インフラ整備で想定の見直し必要:過去の実績から科学的予測へ

先に引用した毎日新聞の記事によると、国交省河川計画課は、実現に必要な河川砂防技術基準の見直しなどを今後検討する、としていますが、私は、この提言は、是非、政府全体の方針として採用すべきだと思います。

今回の提言の弱点は、提言を出したのが治水対策の予算要求を行う官庁である国土交通省なので、その意味で中立性には疑問符がつくことです。ただ、この提言自体、先に挙げた数値予測は今後見直しがありうることは、当然、前提としているようですし、必要ならば、同種の予測を、内閣府なりで行えばよいことです。

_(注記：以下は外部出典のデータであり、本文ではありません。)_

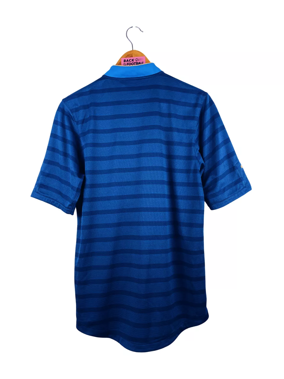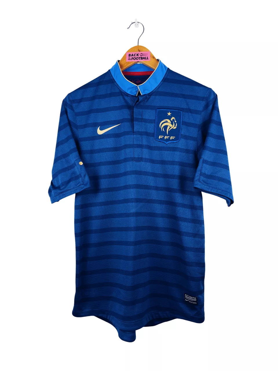 Taille : S Largeur : 46cm (aisselle à aisselle) Longueur : 69cm (base du col au bas) Si tu veux plus de détails, tu peux nous contacter par mail ou sur les réseaux 😉 Etat : 9/10, excellent état Le maillot : maillot vintage domicile de l’équipe de France 2012/2013. L’écusson et le logo Nike sont brodés. L’époque des marinières de Nike chez les Bleus. Très beau maillot rétro de la France ! Histoire : les Bleus sortiront 2èmes de leur poule de l’Euro 2012, derrière l’Angleterre. Ils seront éliminés en quart face à l’Espagne, futur vainqueur du tournoi. Quelques…

重要なのは、過去の災害時の降雨量等に基づいた治水対策では、もう国民の命を守れない、ということです。そして、地球温暖化による科学的知見、予測は、もはや否定することができない確実さを持ってきましたし、日本国民も温暖化の影響を現に実感しはじめています。しっかりした予測に基づく予算措置であれば、国民の理解も十分得られるでしょう。

もちろん、温暖化を理由に、無駄な公共事業が増えたり、ましてや既得権化したりすることがあってはいけません。国土交通省は来年度予算案では防災対策を理由に来年度予算案の概算要求を2割増しにしていますが、中身については精査が必要です。

公共事業費、2割増の6.2兆円 国交省概算要求 防災対策に重点 :日本経済新聞

財務省財政制度等審議会は、防災対策については、、国から地方に「防災・安全交付金」という形で一括して渡しているのを、メリハリをつけるために個別補助金に戻すべきだ、という議論をしています。交付金と個別補助金とどちらが良いかは一長一短ですが、個別補助金の形なら、地球温暖化のために治水への支出をいくら増やすのか明確にしやすいので、財政運営のうえでも、国民への説明責任のうえでも、より望ましいでしょう。

https://www.mof.go.jp/about_mof/councils/fiscal_system_council/sub-of_fiscal_system/proceedings/material/zaiseia301016/04.pdf

財政制度分科会(平成30年10月16日開催)議事録 : 財務省

今回の台風の被害について、反省して今後に生かすべきことは他にも色々ありますが、まずはハード面について、現在進行形の「防災・減災、国土強靱化のための3か年緊急対策」では、間に合わなかった、あるいは、不十分であったことを率直に認めて、地球温暖化に関する科学的予測を治水対策に生かすようにすべきです。